▶ [EXERCISE]:
Skipping all pictures, set down the lines of the listing from the first through the one with "Nossa reportagem apurou".

▶ [DATA BLOCK]:
•••••

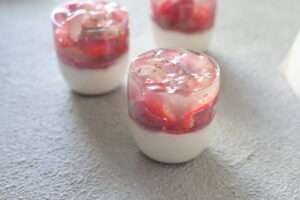 ヴァニラパンナコッタにレモンミントゼリーと苺を合わせました。
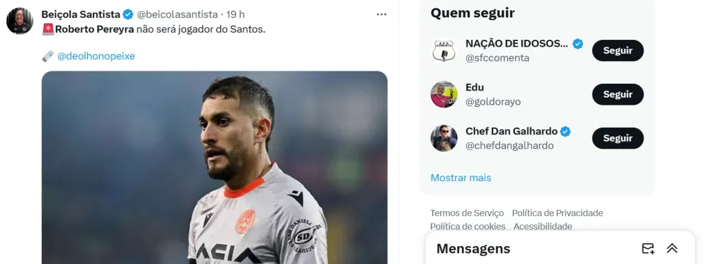 Nossa reportagem apurou que o Santos ofereceu R$ 400 mil por mês, porém Pereyra disse ‘não’. A recusa, pelo menos, de momento também atingiu ao Palmeiras, porém as janelas na Europa ficam abertas até esta sexta-feira (1). O nome do argentino ainda se mantém em ‘stand-by’ nas alamedas da rua Palestra Itália.
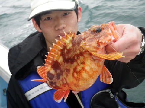 今日は遠征アラカブで出船予定でしたが 生憎の天気でメバル釣りに変更です。 今回はこんな天気の中、1人のキャンセルもなく ありがとうございました。 船長、超〜嬉しかったです。 お客様のお気持ちに感謝です。 さて、内容ですが、メバルは最大で30cm! 尚人丸初乗船の江口様がGET^^ アラカブの最大は水町様が釣られた尺オーバー! 釣られた本人もビックリされていました^^ こんなのがいるんだ〜っと・・・ 昨日から何故かアラカブが増えてきました。 そしてサイズがデカイです! あちこちまわってメバルの反応が魚探にバッチリ・・・ これは今日も貰ったね〜^^・・・しかし仕掛けを入れても エサに無反応・・・カブラにも・・・ 釣れるのはアラカブとアイナメばかり! たま〜に,こんな状況があります。{今日でした・・・} いつもはメバルの反応出て入れ食いするのですが 今日ばかりは渋かったです・・・ しかし良型メバルはしっかり釣られてます。 数は多くはないですが・・・ お客様はサイズが大型だから満足だよと 言ってもらえたのは救いでしたが・・・ 全員1人30匹オーバーを目標にしてるので 今日は申し訳なかったです。 次回リベンジお待ちしております。 今日乗船の皆さん雨の中ありがとうございました。 明日も頑張ります! |

•••••

▶ [COMPLETED TASK]:
 ヴァニラパンナコッタにレモンミントゼリーと苺を合わせました。
 Nossa reportagem apurou que o Santos ofereceu R$ 400 mil por mês, porém Pereyra disse ‘não’. A recusa, pelo menos, de momento também atingiu ao Palmeiras, porém as janelas na Europa ficam abertas até esta sexta-feira (1). O nome do argentino ainda se mantém em ‘stand-by’ nas alamedas da rua Palestra Itália.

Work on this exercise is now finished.